Defending mounted filesystems from the root user

Posted Aug 22, 2023 2:04 UTC (Tue) by geofft (subscriber, #59789)
In reply to: Defending mounted filesystems from the root user by kmeyer
Parent article: Defending mounted filesystems from the root user

I think sufficiently-Byzantine filesystems just need to get deprivileged, honestly.

https://github.com/lkl/linux is a fork of the Linux kernel that turns all the interesting routines into a library, with a couple of neat tech demos of what you can do with it - including a FUSE wrapper for the filesystems in the kernel. So any filesystem that's already been implemented once, in the kernel, now has a userspace version.

There's also other ways to do it, such as UML or hardware-assisted virtualization.

Yes, you will lose some performance. I think the triangle of security, performance, and nicheness is a "pick two" situation - if you want both security and performance, you will need to attract enough interest and enthusiasm to pick up the work, possibly defining newer and easier-to-handle on-disk formats as the work happens. Otherwise, you can use an old implementation that made sense in the '90s at full performance with the security of the '90s, or you can use it at the performance of the '90s (which should be enough, honestly!).

(I'd also be very curious to see what the actual performance loss is even for day-to-day filesystems, and whether there are things that can be done to address performance like reviving the zero-copy FUSE patchset. I think I actually do very few things that are ridiculously sensitive to filesystem performance per se: most of the time I'm either working with large single files like giant CSVs or git pack files or game textures, for which the filesystem is essentially a constant factor and it's the raw I/O performance that matters, or reading and writing lots of small files like source code, which can mostly stay in the VFS cache, in theory. Applications that care very much about disk performance, like databases, tend to make a large contiguously-allocated single file anyway - and they subdivide it in userspace.)

Defending mounted filesystems from the root user

Posted Aug 22, 2023 9:48 UTC (Tue) by khim (subscriber, #9252) [Link]

In a sane world we would have both. FUSE-filesystem to deal with USB or other untrusted sources and in-kernel implementation for root fs.

Defending mounted filesystems from the root user

Posted Aug 24, 2023 10:29 UTC (Thu) by farnz (subscriber, #17727) [Link]

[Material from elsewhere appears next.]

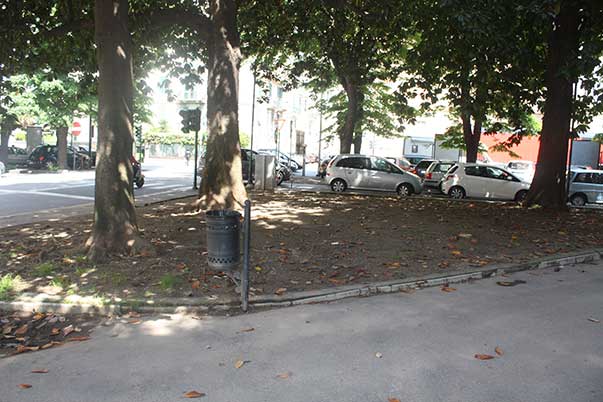 Pesando circa venticinque chili, a portarla in braccio per duecento metri (come mi consigliò di fare l’antipaticissima guardia zoofila che mi rifilò la multa) proprio non la facevo: ma siccome il cane era mio e non era colpa di nessuno – se non della vita stessa – se era vecchio e malato, avrei anche accettato di buon grado di pagare la multa, considerandola un effetto collaterale dell’avere una cagnona in tardissima età… se non fosse stato che la cosiddetta “aiuola” era quella che vedete nella foto (foto scattata, peraltro, ieri mattina, in previsione di scrivere questo articolo: sono passati quattro anni, ma il nostro “verde” cittadino è rimasto immutato).

The only significant gotcha is that which implementation to use (userspace or kernelspace) is not about the filesystem in use, but rather about the degree to which the backing storage and the user are trustworthy.

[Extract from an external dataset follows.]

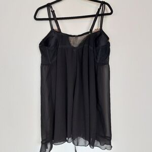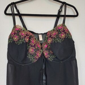 Cacique Plus Size Babydoll Black Floral Embroided Nightgown Top Size 22/24. Pre-owned, one of the ribbon is missing

In one system, I might want to use both the kernelspace implementation of xfs for my root FS, using something like fs-verity to protect against a malicious root user, and the userspace implementation for home directories. For added fun, I might want the userspace implementation to run multiple instances, so that an exploit is less likely to affect other instances (only affects other instances if it can be used to write to the backing store); this comes in handy with something along the lines of Android's user-per-application model, where I won't be able to mutate in-memory state that affects another application.

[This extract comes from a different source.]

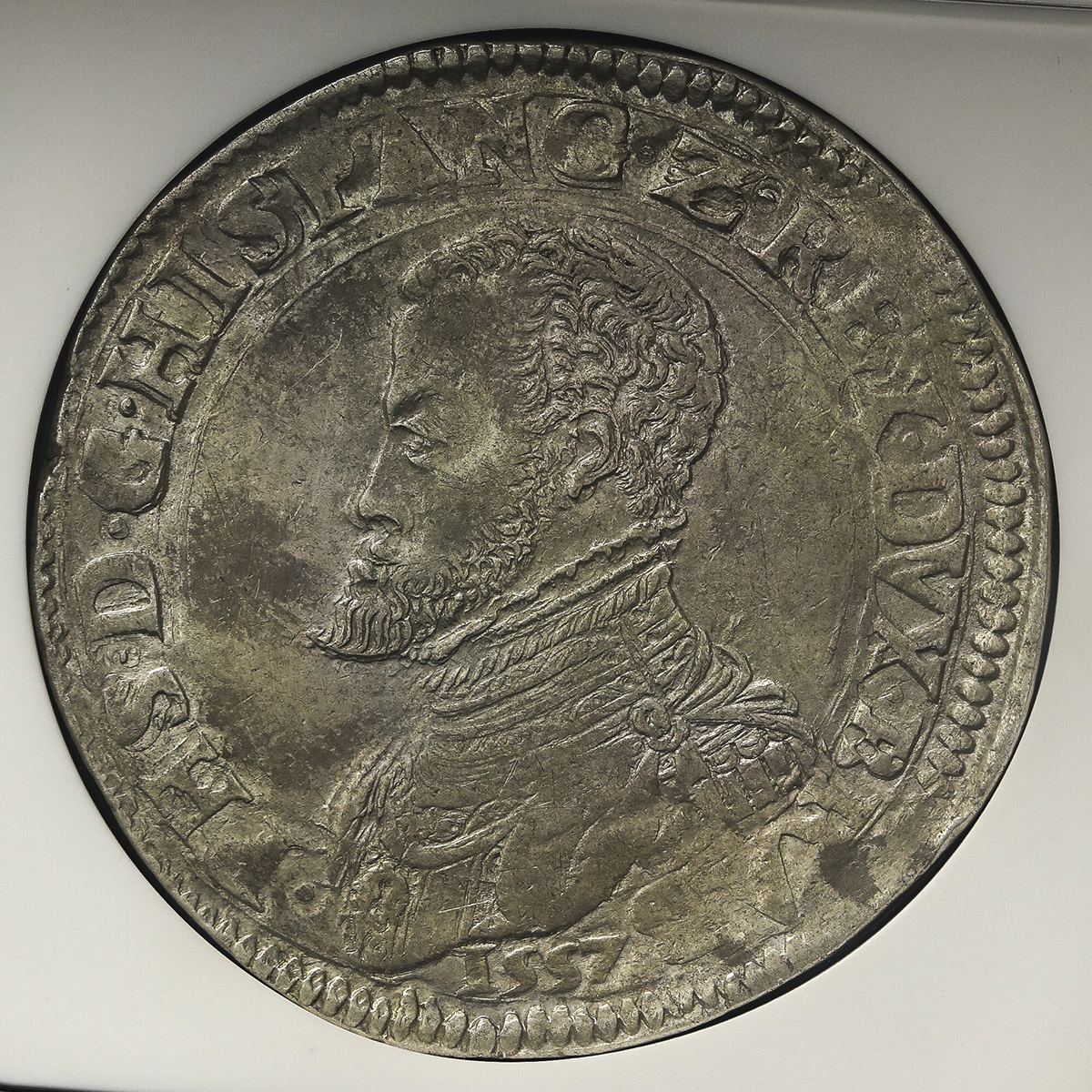 BELGIUM Spanish Netherland,Brabant スペイン领ネーデ儿ラント ブラバント Filippsdaalder(Ecu,Ducaton)1557 NGC-AU58 EF+。Dav-8625 Del-12 フェリペ2世 アントワープ (34.50g),NGC-AU58

Defending mounted filesystems from the root user

Posted Aug 27, 2023 23:32 UTC (Sun) by kmeyer (subscriber, #50720) [Link] (1 responses)

I mean, we're talking about ext4, xfs, and btrfs. Punting them to FUSE + LKL isn't really an option, IMO.

Defending mounted filesystems from the root user

Posted Aug 28, 2023 0:31 UTC (Mon) by geofft (subscriber, #59789) [Link]

I was mostly replying to the comment talking about historical filesystems - if we need to write an ext5 that makes this sort of robustness easier, that's certainly an option. We are, in any case, mostly just talking about lockdown/secure boot configs - it seems pretty reasonable to say, the upstream kernel will only let you use a very small set of filesystems when lockdown is on, and if distros want to take the risk of filesystems that haven't been audited, they can patch this check out. A lot of people run without kernel lockdown enabled (perhaps enforcing secure boot in some other way, like verifying a signature on an entire read-only rootfs) and won't be impacted by this. The people who do run with kernel lockdown should be able to expect that the kernel isn't just writing off ring-0 escalation risks.

But also I don't think punting major filesystems to FUSE is really out of the question. It was the vision of the microkernels of the '90s, which failed not because there was anything fundamentally wrong with microkernels but because overhead was high. We've learned a lot about writing efficient software that spans multiple address spaces since then (it's in many senses similar to HPC work or GPU programming), and also the physical computers are way faster. As I mentioned, without an actual benchmark, I think saying that this just has to be done in kernelspace is premature optimization.

(We also know a lot more about software fault isolation now than we did in the '90s - we could use something like eBPF or wasm or Native Client to keep these filesystems in the kernel but limit the impact of bugs.)

We Linux folks rightly make fun of Windows for having done font rendering in the kernel for so long and having had a bunch of ring-0 privilege escalation bugs as a result. It made sense in the '90s when they cared a lot about font rendering performance and basically not at all about malicious fonts; it doesn't make sense today. I don't think filesystems are a fundamentally different story.